* _LISTED ENTRIES_
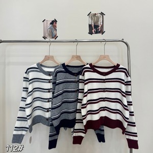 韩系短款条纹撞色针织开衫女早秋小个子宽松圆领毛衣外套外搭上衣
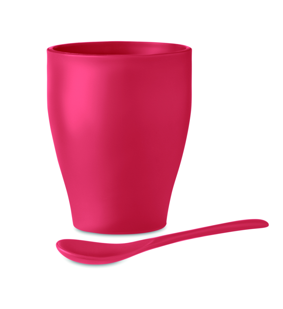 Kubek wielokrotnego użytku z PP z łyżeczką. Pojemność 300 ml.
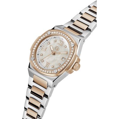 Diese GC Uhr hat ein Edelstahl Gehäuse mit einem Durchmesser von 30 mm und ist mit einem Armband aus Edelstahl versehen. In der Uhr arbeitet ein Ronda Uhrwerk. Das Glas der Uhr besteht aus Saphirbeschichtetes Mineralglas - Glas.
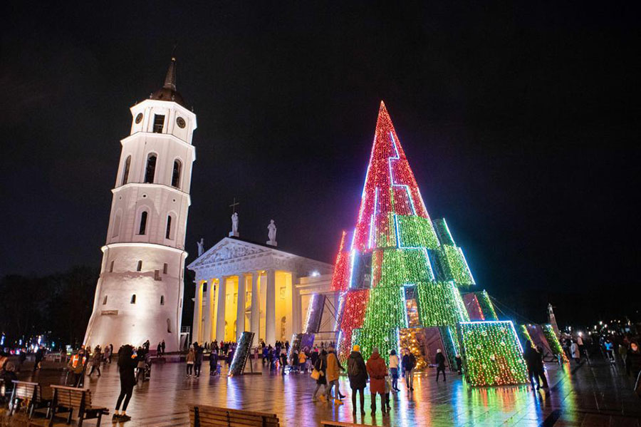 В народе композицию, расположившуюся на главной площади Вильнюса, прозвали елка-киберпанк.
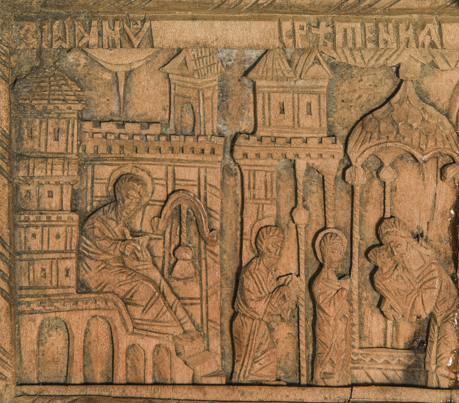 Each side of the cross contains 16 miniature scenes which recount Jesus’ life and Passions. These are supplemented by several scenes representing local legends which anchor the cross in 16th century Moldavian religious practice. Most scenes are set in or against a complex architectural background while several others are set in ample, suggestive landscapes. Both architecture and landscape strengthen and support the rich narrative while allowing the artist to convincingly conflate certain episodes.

==

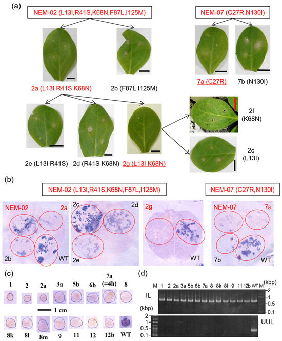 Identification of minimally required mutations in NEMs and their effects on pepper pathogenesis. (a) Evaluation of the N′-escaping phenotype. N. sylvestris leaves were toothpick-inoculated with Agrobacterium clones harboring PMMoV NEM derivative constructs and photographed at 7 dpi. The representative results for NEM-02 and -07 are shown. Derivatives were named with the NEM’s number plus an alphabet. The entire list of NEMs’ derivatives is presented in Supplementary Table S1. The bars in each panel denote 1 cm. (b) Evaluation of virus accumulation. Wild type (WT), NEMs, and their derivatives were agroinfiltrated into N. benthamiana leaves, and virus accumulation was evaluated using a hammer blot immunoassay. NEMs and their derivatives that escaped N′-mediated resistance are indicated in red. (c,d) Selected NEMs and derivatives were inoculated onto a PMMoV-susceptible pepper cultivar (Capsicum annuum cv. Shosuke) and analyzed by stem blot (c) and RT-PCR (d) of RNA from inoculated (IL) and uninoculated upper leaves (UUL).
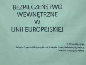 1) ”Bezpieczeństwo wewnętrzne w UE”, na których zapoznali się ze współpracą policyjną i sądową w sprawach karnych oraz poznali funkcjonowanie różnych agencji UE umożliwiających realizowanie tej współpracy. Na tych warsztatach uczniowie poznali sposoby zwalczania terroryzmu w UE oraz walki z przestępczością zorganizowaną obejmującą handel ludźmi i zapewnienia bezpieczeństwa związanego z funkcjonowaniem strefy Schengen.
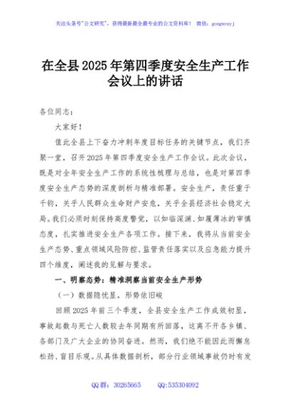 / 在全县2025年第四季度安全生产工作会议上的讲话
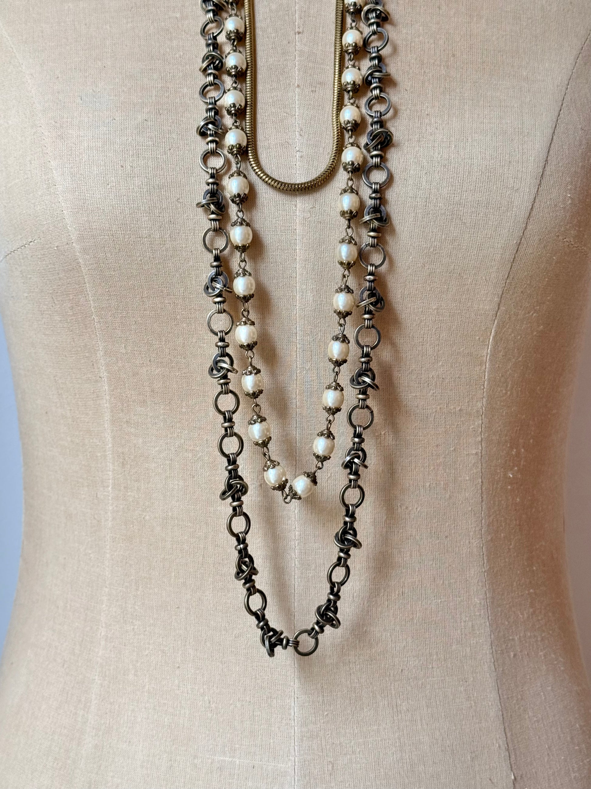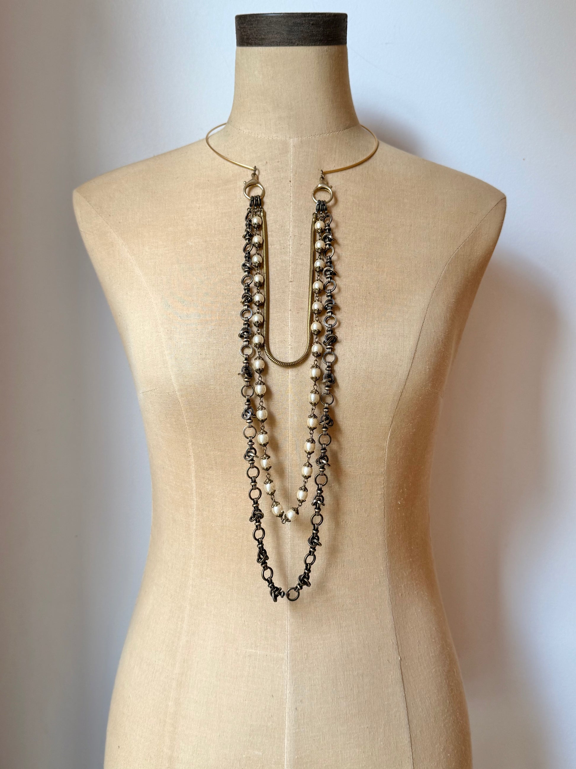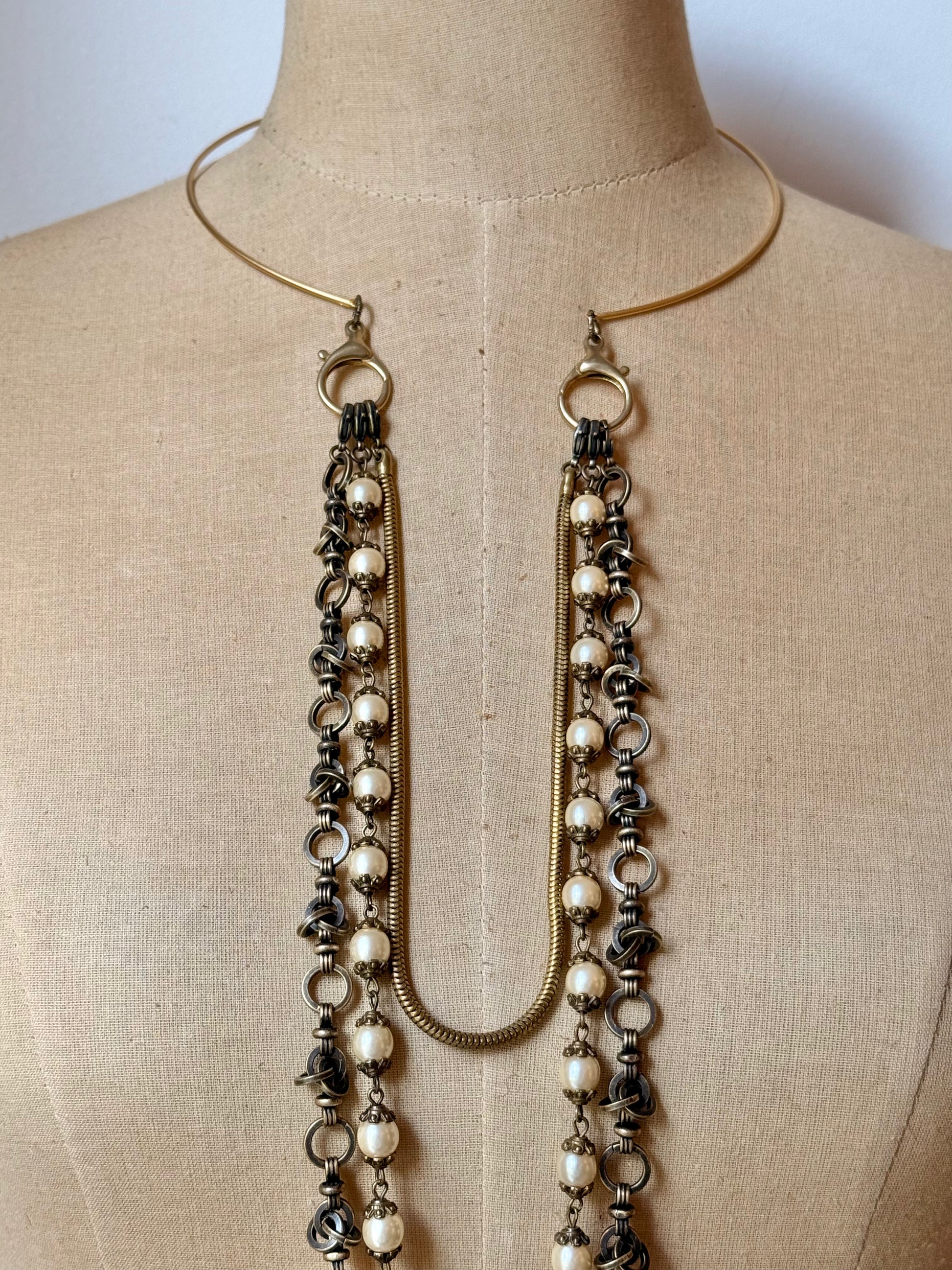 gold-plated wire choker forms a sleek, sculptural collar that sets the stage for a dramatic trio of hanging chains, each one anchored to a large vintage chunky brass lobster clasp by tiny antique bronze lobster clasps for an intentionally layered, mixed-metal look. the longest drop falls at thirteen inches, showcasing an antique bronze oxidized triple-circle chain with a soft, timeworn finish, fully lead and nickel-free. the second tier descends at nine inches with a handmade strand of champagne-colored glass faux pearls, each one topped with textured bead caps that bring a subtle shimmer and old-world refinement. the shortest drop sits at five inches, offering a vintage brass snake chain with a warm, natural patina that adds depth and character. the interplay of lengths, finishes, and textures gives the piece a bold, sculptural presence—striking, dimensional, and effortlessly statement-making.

* _WORK TO COMPLETE_
When you reach the line with "В народе композицию, расположившуюся" in the records above, start writing out each line exactly, and stop after the line with "Each side of". Pictures stay out.

* _SOLUTION BELOW_
 В народе композицию, расположившуюся на главной площади Вильнюса, прозвали елка-киберпанк.
 Each side of the cross contains 16 miniature scenes which recount Jesus’ life and Passions. These are supplemented by several scenes representing local legends which anchor the cross in 16th century Moldavian religious practice. Most scenes are set in or against a complex architectural background while several others are set in ample, suggestive landscapes. Both architecture and landscape strengthen and support the rich narrative while allowing the artist to convincingly conflate certain episodes.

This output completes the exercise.